I want to call a function whose signature looks like this:

void foo(int (&ra)[2]);

That is, its argument is a reference to an array of two elements. Let's suppose the author of that function (who shall remain nameless) is not inclined to change the interface.

I want to invoke the function on a sub-array of an existing array. Like this:

void bar()
{
  int vals[] = { 1, 2, 3, 4, 5 };

  foo(reinterpret_cast<int (&)[2]>(vals[1]));
}

GCC accepts this code and compiles it to what I want, but I am not at all sure this is guaranteed by the language.

Is the behavior of this code implementation-defined (or undefined)? If so, is there a way to rewrite bar() to do the same thing in a well-defined way?

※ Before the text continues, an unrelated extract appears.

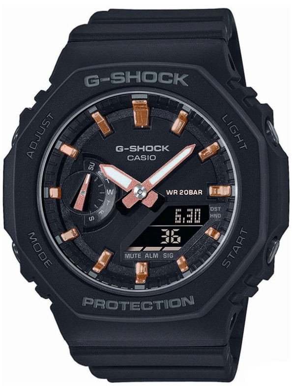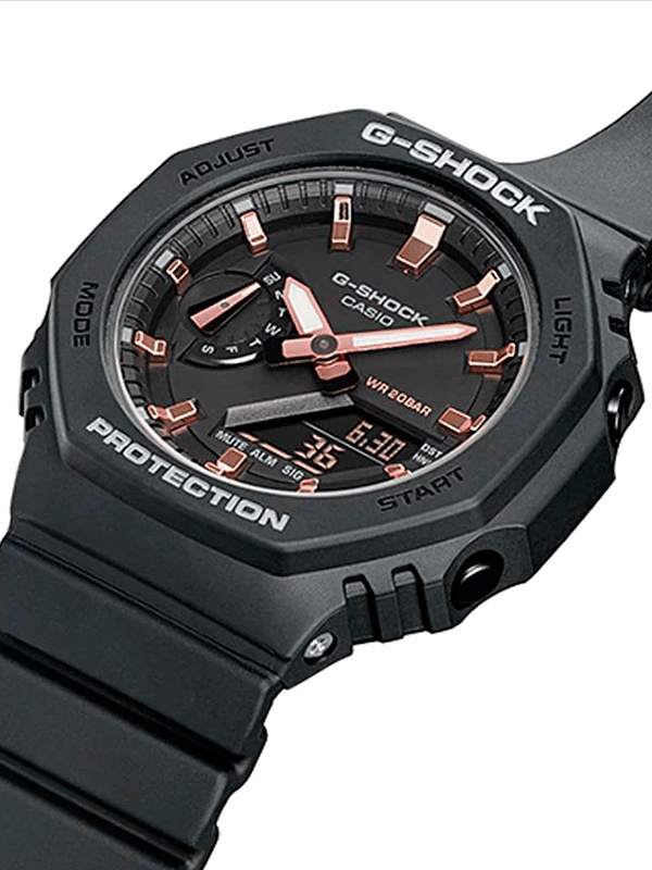 Перед вами стильная унисекс новинка 2021 года из свежей серии G-SHOCK GMA-S2100 в черном корпусе с метками циферблата цвета розового золота. Модель является уменьшенным вариантом часов из мужской серии джишоков GA-2100, что позволяет ей оптимально выглядеть даже на небольших мужских и самых изящных женских запястьях. Толщина модели всего 11.2 миллиметра, что на момент ее выхода является абсолютным рекордом среди всех джишоков! Часы обладают технологией Carbon Core Guard: их модуль защищает легкий и сверх-прочный полиуретановый корпус с углеродным армированием, а циферблат покрыт закаленным минеральным стеклом. Конечно же, не стоит забывать про стандартную для джишоков ударопрочность и водозащиту в 200 метров, функции секундомера, таймера, мирового времени, удобную функцию складывания стрелок для считывания информации с дисплеев, а также яркую двойную подсветку циферблата и дисплея.

I am more likely to accept your answer if you cite chapter and verse of the C++03 or C++11 standard.

Nemo
  • 70,042
  • 10
  • 116
  • 153
  • Something tells me I've seen this before and it was valid, but don't quote me on it. – chris Mar 01 '14 at 20:07
  • shouldn't you have `&vals[1]` instead of `vals[1]`? – bolov Mar 01 '14 at 20:11
  • @bolov, It's a reference, not a pointer. – chris Mar 01 '14 at 20:13
  • in principle a compiler can add range checking and such. the formal UB mainly allows such things. in practice you'll be OK. – Cheers and hth. - Alf Mar 01 '14 at 20:13
  • @bolov: No; `&vals[1]` is a pointer. I am casting to a reference to an array. (I could also write this by casting `&vals[1]` to a pointer to an array and then dereferencing that. I have no idea whether that would be better-defined.) – Nemo Mar 01 '14 at 20:14
  • @chris Maybe [this similar question](http://stackoverflow.com/q/21317140/420683)? The answers should also be relevant to this question. – dyp Mar 01 '14 at 21:36
  • @dyp, It was before 2014, but thanks. – chris Mar 01 '14 at 21:39
  • I thought you were deleting all your content, leaving and never coming back? – Lightness Races in Orbit Apr 13 '14 at 01:43
  • How about `foo(*reinterpret_cast(&vals[1]));`? – L. F. Jul 23 '19 at 03:23
  • Ohh for $Deity's sake, forget about C-style arrays (and casts) already. Just use `std::array` or `std::vector` and everything will be much easier (and just as efficient). Why are people still learning C++ like it's 1998? It's frustrating. – Jesper Juhl May 03 '23 at 01:45

1 Answers1

1

It's unclear. C++11 [dcl.ref]/5 says

[...] A reference shall be initialized to refer to a valid object or function.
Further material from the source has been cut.